- _PROBLEM DETAILS_
Your copy of the listing should match it exactly, only without pictures.

═════ SUPPLIED DATA ═════

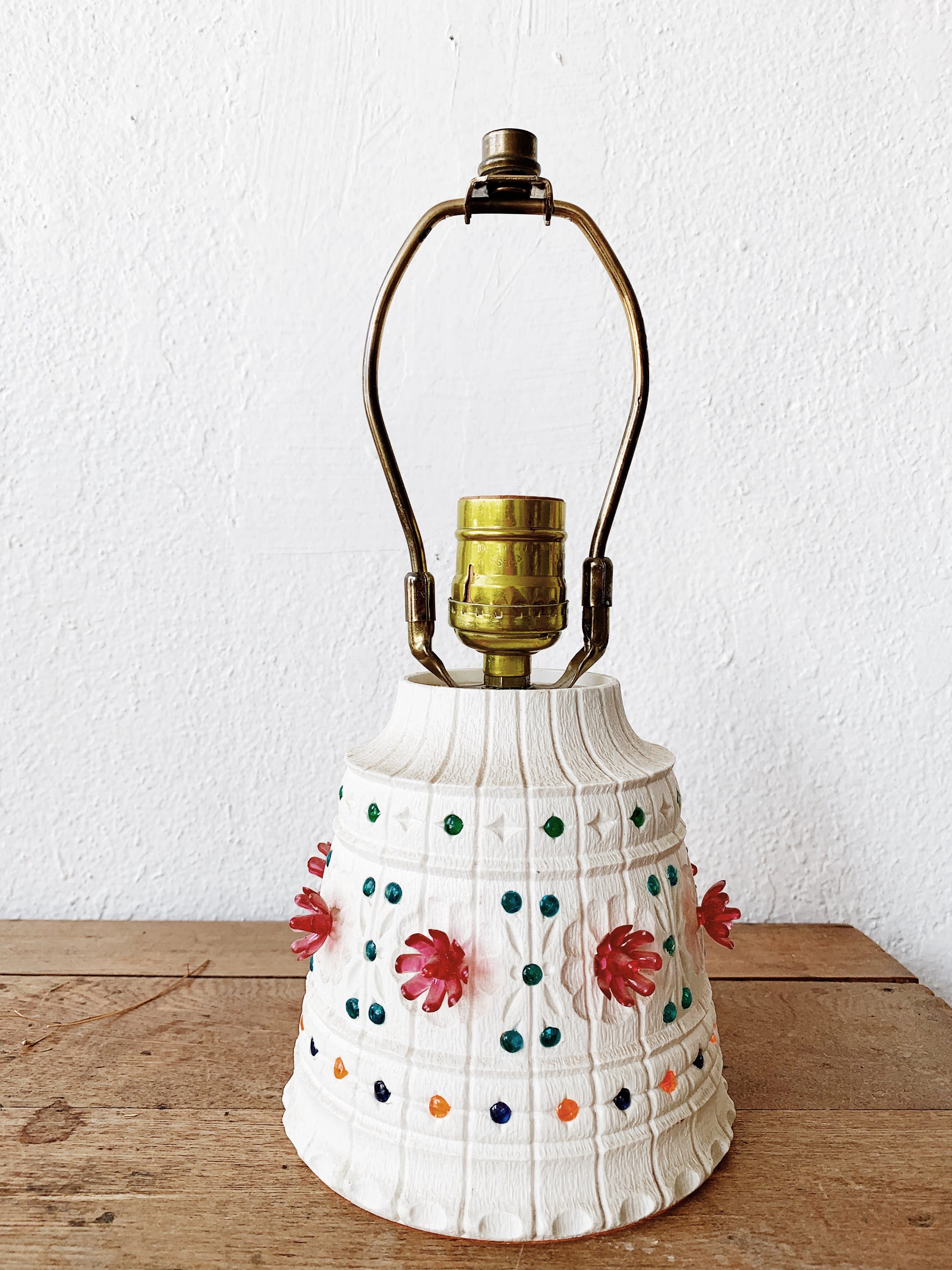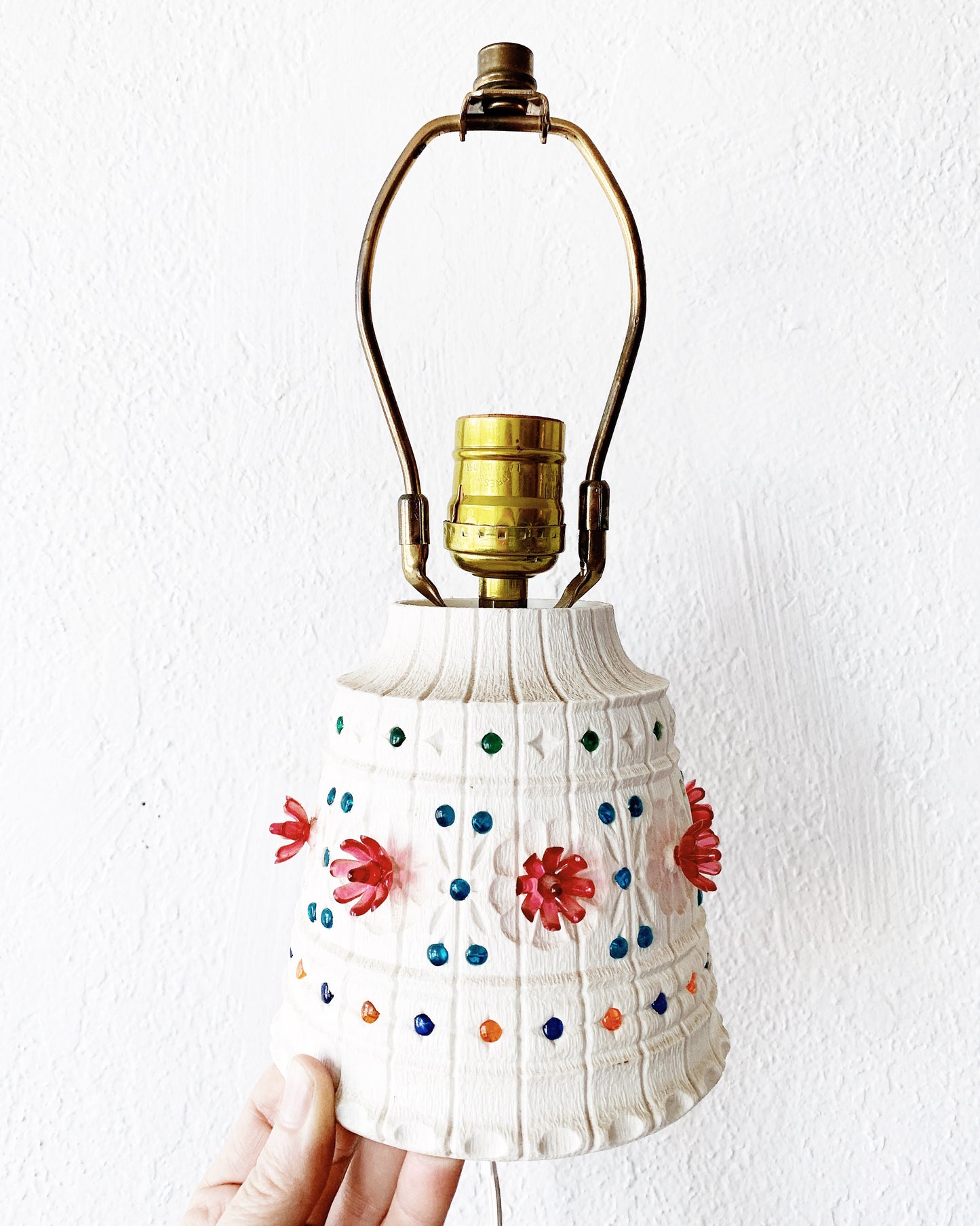 Mini vintage Light Brite lamp in working condition. Comes with a brass harp and finial, no shade. Switch cord.
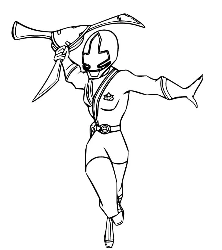 : Druckbar herunterladen Gelber Samurai-Waldläufer Malvorlage
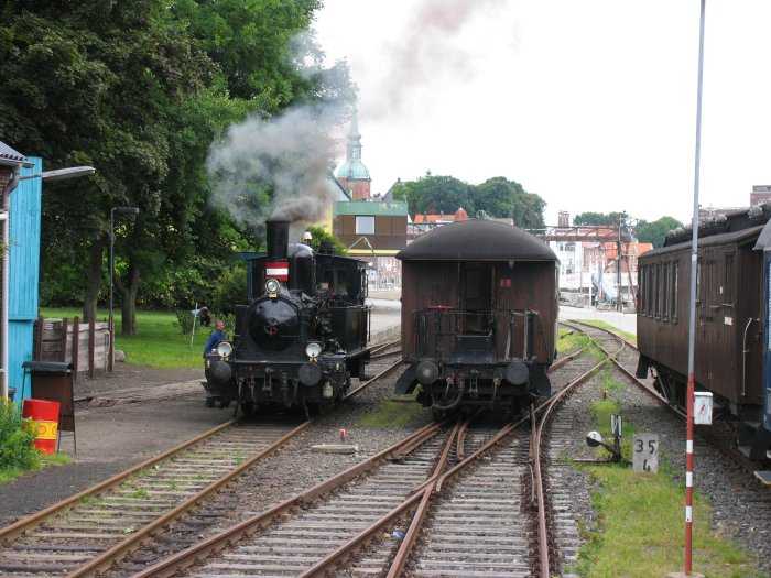 | 22.07.2005 - 8:05 Uhr - Kappeln/Schlei: Museumsbahnhof Die Diesel-Rangierlok hat die Rangier-Dampflok F654 aus dem Lokschuppen herausgezogen, damit diese angeheizt werden kann. Mit der kleinen Dampflok und einem Personenwagen soll heute Nachmittag die Strecke zwischen Kappeln und Süderbrarup abgefahren werden. Die Presse wird auch mitfahren. Am kommenden Sonntag um 11:00 Uhr soll ja der Betrieb auf der Strecke wieder aufgenommen werden. Foto: Eckhard Schmidt - Kappeln - (C) 2005 |
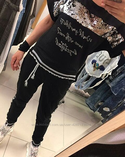 Замеры М футболка ширина под руками 50 см длина спереди 55 см длина сзади 66 см штаны ширина в бедрах 52 см длина 97 см шаг 70 см
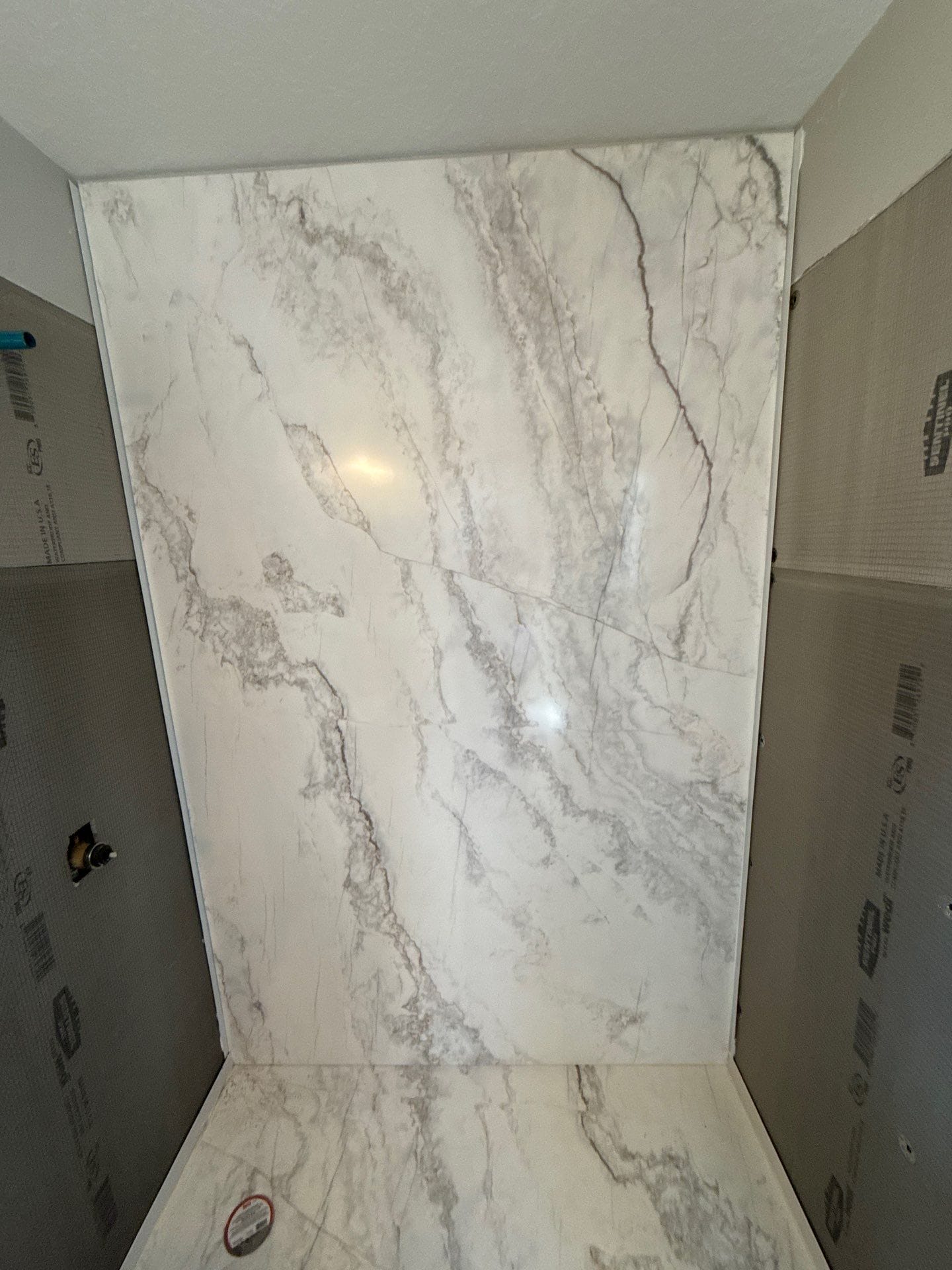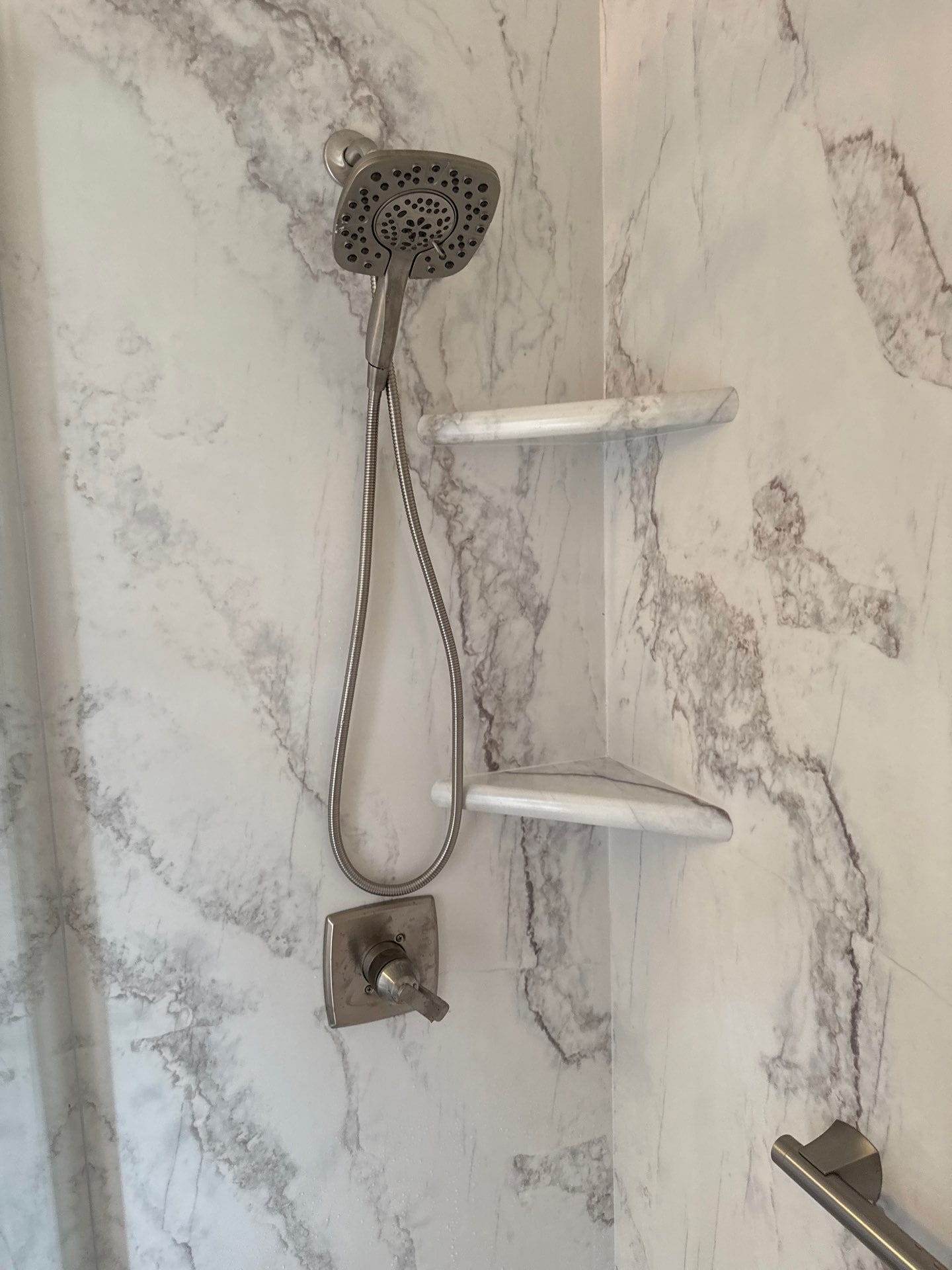 The installation team began by carefully removing the tub and tile surround, inspecting the subfloor and plumbing to ensure structural readiness. No external waste bins were required, and all demolition debris was cleared in-house. A new waterproof Shower Shield backer was installed before the marble-look composite panels were secured in place. Grab bars were anchored into studs, and a single corner shelf was mounted as requested. The glass sliding door, contrary to the customer’s original curtain preference, was ultimately chosen to complement the contemporary look. The entire project was completed within one working day.

═════

- _RESULT_
 Mini vintage Light Brite lamp in working condition. Comes with a brass harp and finial, no shade. Switch cord.
 : Druckbar herunterladen Gelber Samurai-Waldläufer Malvorlage
 | 22.07.2005 - 8:05 Uhr - Kappeln/Schlei: Museumsbahnhof Die Diesel-Rangierlok hat die Rangier-Dampflok F654 aus dem Lokschuppen herausgezogen, damit diese angeheizt werden kann. Mit der kleinen Dampflok und einem Personenwagen soll heute Nachmittag die Strecke zwischen Kappeln und Süderbrarup abgefahren werden. Die Presse wird auch mitfahren. Am kommenden Sonntag um 11:00 Uhr soll ja der Betrieb auf der Strecke wieder aufgenommen werden. Foto: Eckhard Schmidt - Kappeln - (C) 2005 |
 Замеры М футболка ширина под руками 50 см длина спереди 55 см длина сзади 66 см штаны ширина в бедрах 52 см длина 97 см шаг 70 см
 The installation team began by carefully removing the tub and tile surround, inspecting the subfloor and plumbing to ensure structural readiness. No external waste bins were required, and all demolition debris was cleared in-house. A new waterproof Shower Shield backer was installed before the marble-look composite panels were secured in place. Grab bars were anchored into studs, and a single corner shelf was mounted as requested. The glass sliding door, contrary to the customer’s original curtain preference, was ultimately chosen to complement the contemporary look. The entire project was completed within one working day.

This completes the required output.